2015年4月6日月曜日
『アラビア科学史序説』矢島 祐利 著
著者は科学史を研究するうちアラビア科学の重要性に気づき、アラビア語を学んでその研究の道に入る。しかしまずアラビア語がなかなか読めるようにならない。10年たって、ようやく人名が分かるようになってきた、と述べるが、これはどうも謙遜ではないようだ。というのも、アラビア語の人名は大変に複雑かつ同姓同名が多く、ある人物を同定する決まった呼び方も確立していない(※)ので、それだけでも確かに難事業なのだ。
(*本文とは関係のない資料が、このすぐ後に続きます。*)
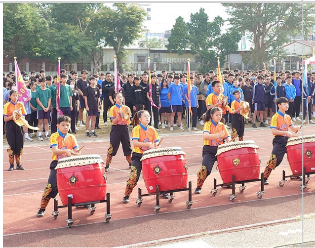
學生參與運動會戰鼓隊表演

そういうわけで、とてもアラビア科学の通史を書くところまで研究が進まないため、暫定的に研究成果をまとめたのが本書である。まとめたといっても、通史を書くに当たっての考え方なり基盤なりを語る「序説」ではなく、どちらかというと「研究メモ」的なものであって、著者自身の備忘録的でもあるような、散漫な体裁の「序説」である。
例えば、アラビアの科学者について、科学史で取り上げるべき人とその主要な著書をずらずらと並べる章があるが、これは研究カードを引き写したものであるようで、いわゆる「序説」に入るものではなく、これ自体が小辞典のようなものである。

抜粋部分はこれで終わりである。